## Your instructions
Your copy of the data should match it exactly, leaving out only the pictures.

## Supplied information
+++

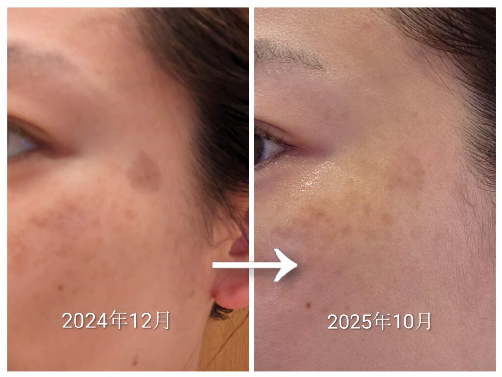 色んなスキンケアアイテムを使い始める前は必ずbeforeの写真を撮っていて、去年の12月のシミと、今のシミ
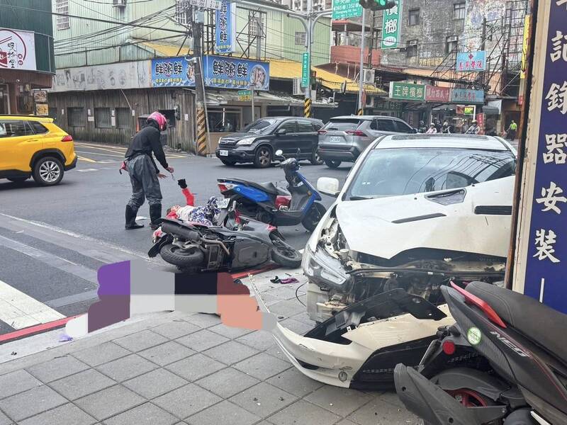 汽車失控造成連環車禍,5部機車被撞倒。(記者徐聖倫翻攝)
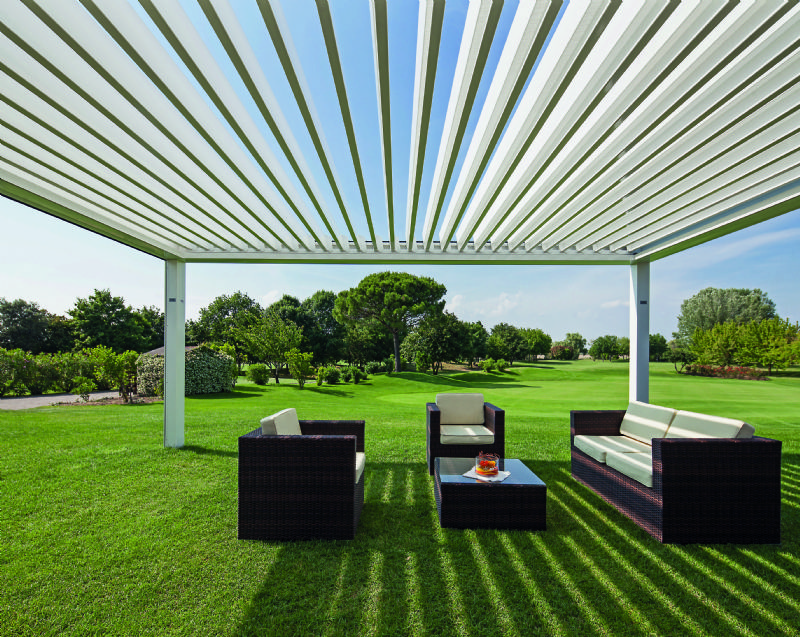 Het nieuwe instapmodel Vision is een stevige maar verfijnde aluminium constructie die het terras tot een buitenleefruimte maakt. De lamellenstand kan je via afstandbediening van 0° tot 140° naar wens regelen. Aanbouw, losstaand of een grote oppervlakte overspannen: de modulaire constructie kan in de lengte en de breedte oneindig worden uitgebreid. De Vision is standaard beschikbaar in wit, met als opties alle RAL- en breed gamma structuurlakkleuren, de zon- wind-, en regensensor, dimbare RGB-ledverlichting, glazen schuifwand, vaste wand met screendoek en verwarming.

+++

## Written reply
 色んなスキンケアアイテムを使い始める前は必ずbeforeの写真を撮っていて、去年の12月のシミと、今のシミ
 汽車失控造成連環車禍,5部機車被撞倒。(記者徐聖倫翻攝)
 Het nieuwe instapmodel Vision is een stevige maar verfijnde aluminium constructie die het terras tot een buitenleefruimte maakt. De lamellenstand kan je via afstandbediening van 0° tot 140° naar wens regelen. Aanbouw, losstaand of een grote oppervlakte overspannen: de modulaire constructie kan in de lengte en de breedte oneindig worden uitgebreid. De Vision is standaard beschikbaar in wit, met als opties alle RAL- en breed gamma structuurlakkleuren, de zon- wind-, en regensensor, dimbare RGB-ledverlichting, glazen schuifwand, vaste wand met screendoek en verwarming.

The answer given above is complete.